JAKARTA-Langkah pemerintah membubarkan Ormas Hizbut Tahrir Indonesia (HTI) dinilai sebagai tindakan kepanikan dan berlebihan.
Mestinya sebelum membubarkan HTI, harus dikembalikan dulu ke UUD 1945 yang menggariskan bahwa Negara Republik Indonesia tegak berdiri di atas kaidah dan prinsip negara hukum demokratis.
“Di antara syarat mutlak Negara Hukum demokrasi adalah bahwa negara melindungi dan menjamin Hak Asasi Manusia setiap warganya, negara melindungi kebebasan berserikat dan berkumpul, negara melindungi kebebasan menyatakan pendapat dan negara melindungi seluruh tumpah darah Indonesia,” kata Wakil Ketua DPR RI Fahri Hamzah di Gedung DPR. Senayan Jakarta, Senin (8/5/2017).
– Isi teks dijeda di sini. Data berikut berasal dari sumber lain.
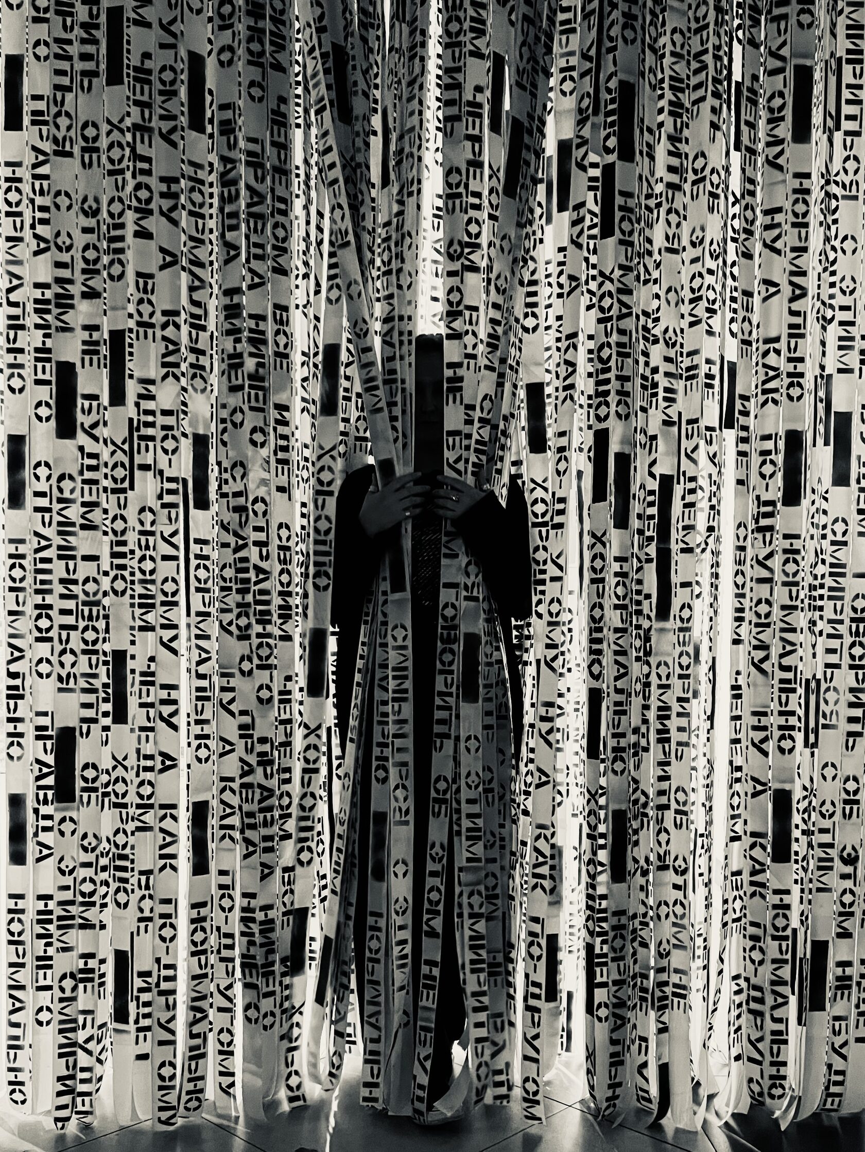 Работа Елены Тормышевой прочитывается как критический знак давления нормативного счастья. Конформистские формулы, нанесённые на ленты и частично скрытые, указывают на подмену индивидуального опыта коллективными сценариями «нормальности». В логике перемен эта работа говорит о размывании истины и необходимости различать навязанный нарратив и собственное переживание.

Demokrasi lanjut dia, di satu sisi memberikan angin bagi kebebasan manusia untuk mengembangkan diri dan pikiran. Di sisi lain, demokrasi menjaga kebebasan dengan penegakan hukum.
“Dalam demokrasi, pikiran tidak boleh dihukum kecuali jika pikiran itu sudah menjadi sebuah tindakan yang merugikan orang lain dan masuk dalam delik pelanggaran hukum (kriminalitas). Kira-kira seperti itu harusnya negara memandang keberadaan berbagai kelompok masyarakat yang hidup subur di era demokrasi,” pintanya.
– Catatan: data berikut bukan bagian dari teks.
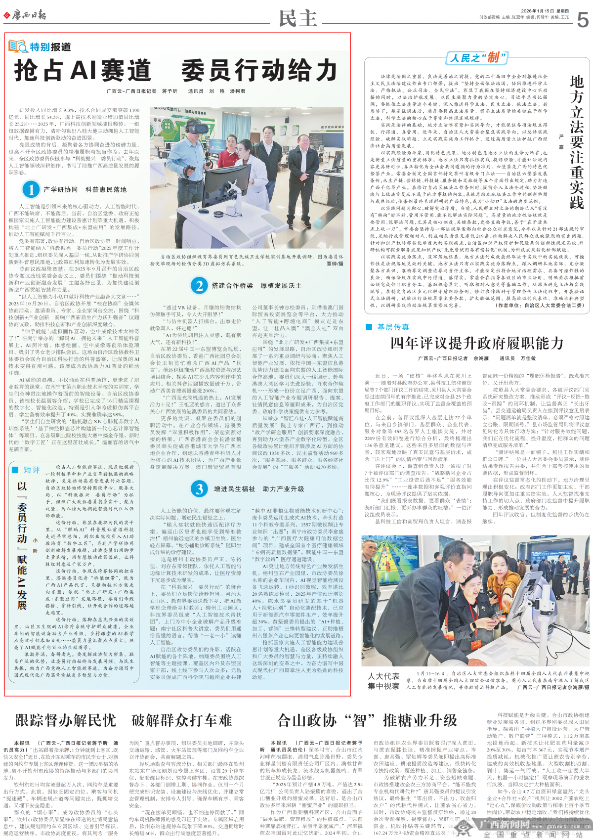 自治区政协组织教育界委员到百色民族卫生学校实训基地开展调研。图为委员体验灾难现场的检伤分类3D虚拟仿真系统。覃钟 摄 产学研协同 科普惠民落地 人工智能是引领未来的核心驱动力。人工智能时代,广西不能缺席、不能落后。当前,自治区党委、政府正抢抓国家实施人工智能能力建设普惠计划等重大机遇,积极构建“北上广研发+广西集成+东盟应用”的发展路径,推动人工智能赋能千行百业。 党委有部署,政协有行动。自治区政协第一时间响应,将人工智能纳入“科教振兴 委员行动”2025年度工作计划重点推进,组织委员深入基层一线,从助推产学研协同创新到科普惠民落地,让政策红利加速转化为发展实效。 协商议政凝聚智慧。在2025年9月召开的自治区政协专题议政性常委会会议上,委员们围绕“推动科技创新和产业创新融合发展”主题各抒己见,为加快建设创新型广西贡献智慧和力量。 “以人工智能为小切口做好科技产业融合大文章……”2025年10月20日,自治区政协开展“桂在协商”全媒体协商活动,邀请委员、专家、企业家同台交流,围绕“科技创新+产业创新 奏响广西新质生产力跃升强音”议题协商议政,助推科技创新和产业创新深度融合。 “伸手就能与虚拟画作互动,空中成像技术太神奇了!”在南宁举办的“解码AI 拥抱未来”人工智能科普展上,AI照片墙、体感绘画、空中成像等前沿体验项目,吸引了男女老少排队尝试。这场由自治区政协教科卫体委员会联合自治区科协打造的科普盛宴,让深奥的AI技术变得直观可感。该展成为政协助力AI普及的鲜活注脚。 AI赋能的浪潮,不仅涌动在科普场馆,更走进了职业教育的课堂。在南宁市第六职业技术学校的实训室,学生们全神贯注地操作着面前的智能设备。自治区政协委员、该校校长温丽容介绍,学校已完成了16门精品课程的数字化、智能化改造,特别是引入华为虚拟仿真平台后,学生备赛效率提升了40%,实操准确率达98%。 “学生们自主研发的‘脑机融合XR心肺复苏数字人训练系统’‘基于神经拟态芯片构建新一代心芯计算智能体’等项目,在各级职业院校技能大赛中摘金夺银,新时代的‘数字工匠’正在这里茁壮成长。”温丽容的语气中充满自豪。 搭建合作桥梁 厚植发展沃土 “透过VR设备,月壤的细微结构仿佛触手可及,令人大开眼界!” “与仿生机器人打擂台,出拳走位就像真人,好过瘾!” “AI为传统剧目注入灵感,既有烟火气,还有新科技!” 在第22届中国—东盟博览会现场,自治区政协委员、香港广西社团总会副会长王祖蓝忙着为广西AI产品“代言”。他还积极推动广西高校资源与演艺项目结合,探索AI在少儿内容创作中的应用,相关抖音话题播放量破千万,带动广西美食搜索量暴涨200%。 “广西是充满机遇的热土,AI发展活力十足!”王祖蓝的感言,道出了众多关心广西发展的港澳委员的共同看法。 更多的共识,凝聚在委员们的履职活动中。在产业合作领域,港澳委员发挥“双重积极作用”,架起资源对接的桥梁。广西香港商会会长潘家穰委员牵头促成香港城市大学与广西本地企业合作,组建以香港青年科研人才为核心的AI技术团队,为广西产业量身定制解决方案。澳门聚贤贸易有限公司董事长钟志松委员,则借助澳门国际贸易投资展览会等平台,大力推动“人工智能+跨境电商”模式走进东盟,让“桂品入澳”“澳企入桂”双向奔赴更具活力。 围绕“北上广研发+广西集成+东盟应用”的发展思路,自治区政协组织开展了一系列重点调研与协商:聚焦人工智能产业发展,依托中国—东盟信息港优势助力建设面向东盟的人工智能国际合作高地。委员们深入一线调研,赴粤港澳大湾区学习先进经验,寻求合作契机……形成一份份立足广西、面向东盟的人工智能产业专题调研报告、提案、社情民意信息等履职成果,为自治区党委、政府科学决策提供有力参考。 从举办“智汇八桂·人工智能赋能高质量发展”院士专家广西行,到推动“政产学研金服用”创新要素深度融合,再到助力六堡茶产业数字化转型,全区各级政协累计组织开展涉及AI方面的协商议政1050多次、民主监督活动960多次,“服务基层、服务群众、服务经济社会发展”的“三服务”活动4270多场。 增进民生福祉 助力产业升级 人工智能的价值,最终要体现在解决实际问题、增进民生福祉之上。 “输入症状就能快速匹配诊疗方案,偏远山区患者也能享受到精准救治!”梧州偏远地区的乡镇卫生院,医生轻点屏幕,“蛇伤辅助诊断系统”随即生成详细的诊疗建议。 这是梧州市政协委员卢正、陈裕佳、刘存东带领团队,依托人工智能与边缘计算技术研发的成果,让医疗资源下沉逐步成为现实。 在“科教振兴 委员行动”的舞台上,委员们立足岗位诠释担当。河池大石山区,教育界委员送教下乡,把AI教学理念带给乡村教师;柳州工业园区,科技界委员组成“人工智能技术帮扶团”,上门为中小企业破解产品升级难题;南宁社区科普大讲堂,委员们用通俗易懂的语言,帮助“一老一小”读懂人工智能。
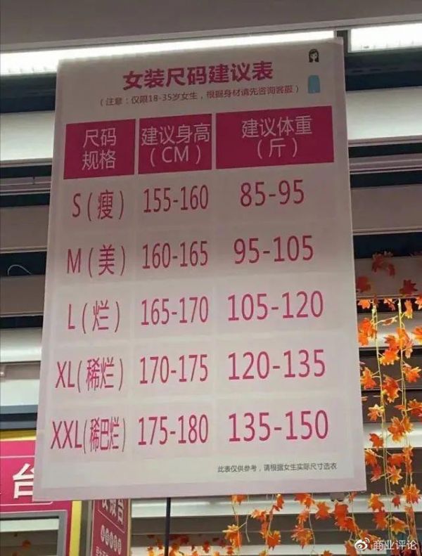 “尺码越做越小,说好听点是辣妹风、女团风流行,说难听点是纯纯制造尺码焦虑和尺码歧视。”莉莉(化名)向新零售商业评论表达着她的想法,而她所说的也正是网友争论的焦点。

Negara kata politikus Partai Keadilan Sejahtera (PKS) itu, harus menjamin pergumulan dan kontestasi ide yang berkembang, bahkan harus mengambil untung dari munculnya ide-ide terbaik dari publik, sebab demokrasi adalah ruang paling beradab bagi segala ide untuk berkontestasi.